━━ DATA IN THIS EXERCISE ━━

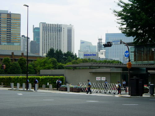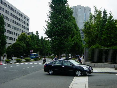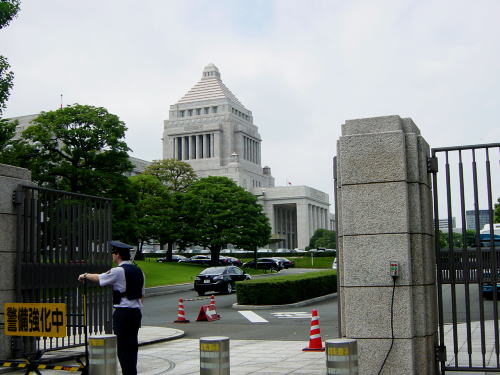 今日は参議院選挙後初の臨時国会開催日で周囲は警察車両と警察官の数がすごい。歩いているだけでも少し緊張するくらいだが、警備の警察官に今日の国会議事堂の見学方法を尋ねるととても親切にアドバイスしてくれ、それによると今日は国会が開催のため一般の見学は午後4時から裏門の見学者受付に申し込むといいそうだ、が4時までは待てないので外から見ていこうと思い正面まで行く。
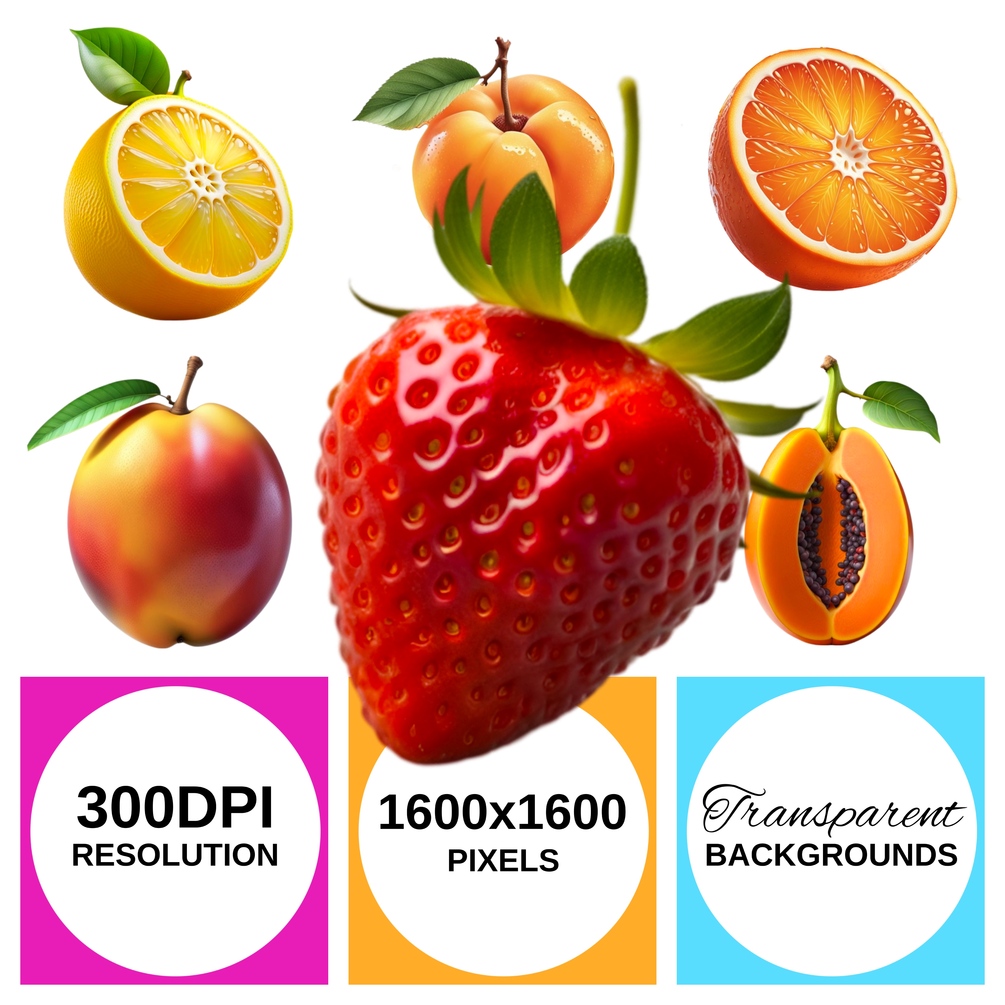This listing includes 16 “Fresh Fruit” PNG Clipart images.
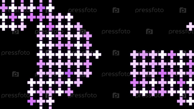 Абстрактный мозаичный фиолетовый рисунок на черном фоне. Дизайн. Движущиеся крестообразные плитки, случайным образом движущиеся облака
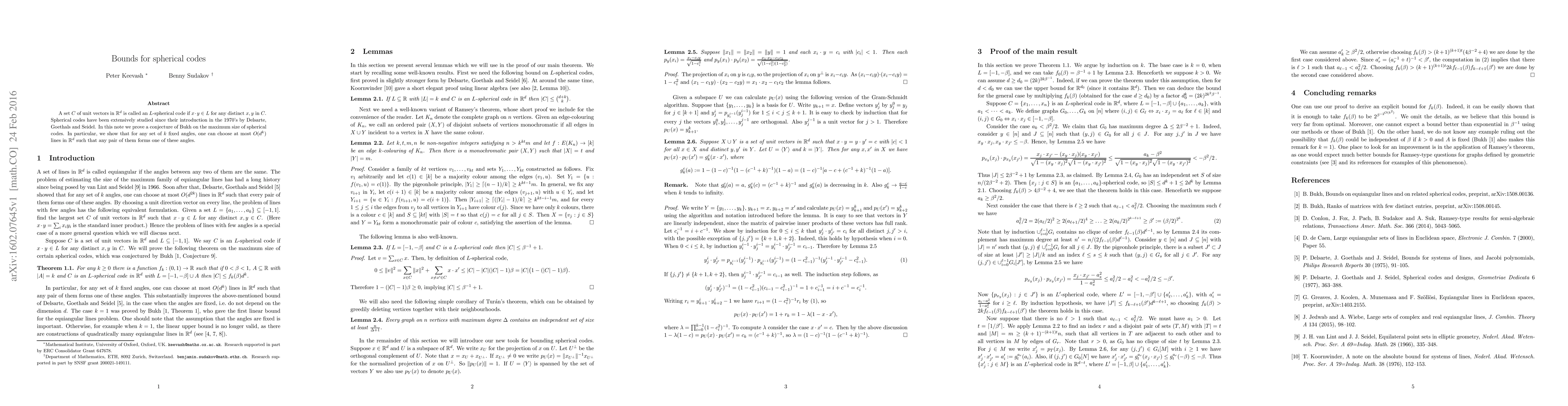 The paper proves a conjecture of Bukh on the maximum size of spherical codes using lemmas from linear algebra, Ramsey's theorem, and Turán's theorem.
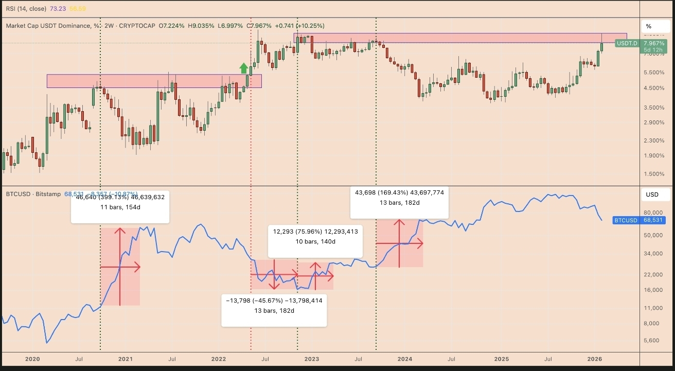 When USDT dominance pushed above that level in May 2022, Bitcoin dropped another 45%, highlighting their inverse relationship.
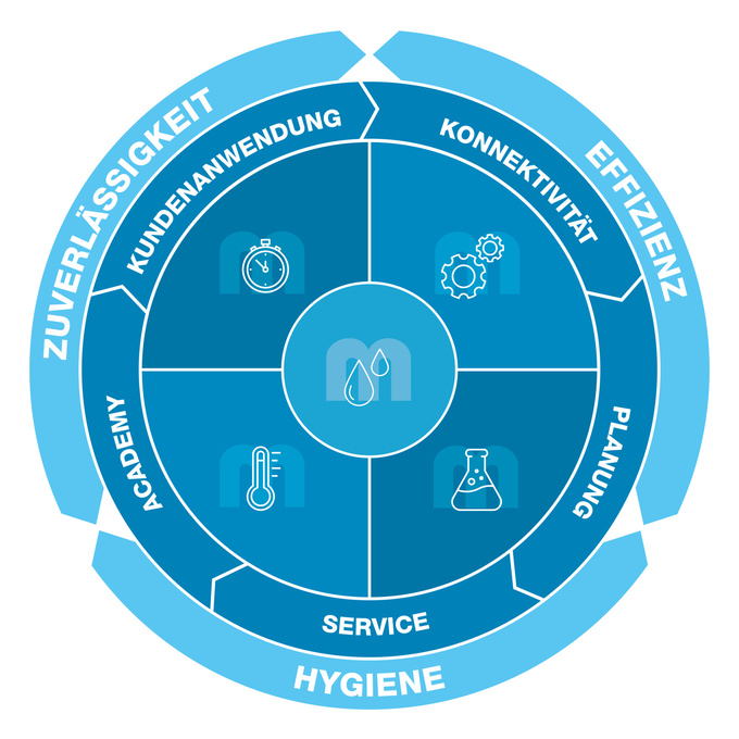 Der MEIKO Clean Solution Circle berücksichtigt alle relevanten Parameter eines Reinigungsprozesses sowie deren Zusammenhänge und Abhängigkeiten voneinander.
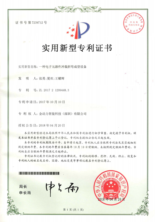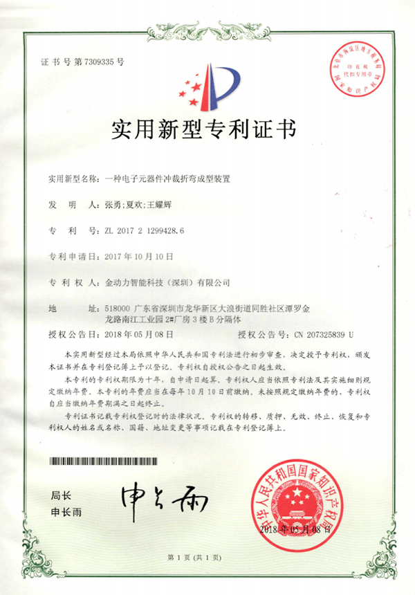 05一(yī)種電(diàn)子(zǐ)元器(qì)件(jiàn)沖裁折彎成型設備專利證書(shū)

━━━

_WHAT YOU ARE ASKED TO DO_.
Before answering, find the line with "Абстрактный мозаичный фиолетовый" in the records above; then reproduce exactly each line from the first through that line, leaving out pictures.

_TASK OUTPUT_.
 今日は参議院選挙後初の臨時国会開催日で周囲は警察車両と警察官の数がすごい。歩いているだけでも少し緊張するくらいだが、警備の警察官に今日の国会議事堂の見学方法を尋ねるととても親切にアドバイスしてくれ、それによると今日は国会が開催のため一般の見学は午後4時から裏門の見学者受付に申し込むといいそうだ、が4時までは待てないので外から見ていこうと思い正面まで行く。
This listing includes 16 “Fresh Fruit” PNG Clipart images.
 Абстрактный мозаичный фиолетовый рисунок на черном фоне. Дизайн. Движущиеся крестообразные плитки, случайным образом движущиеся облака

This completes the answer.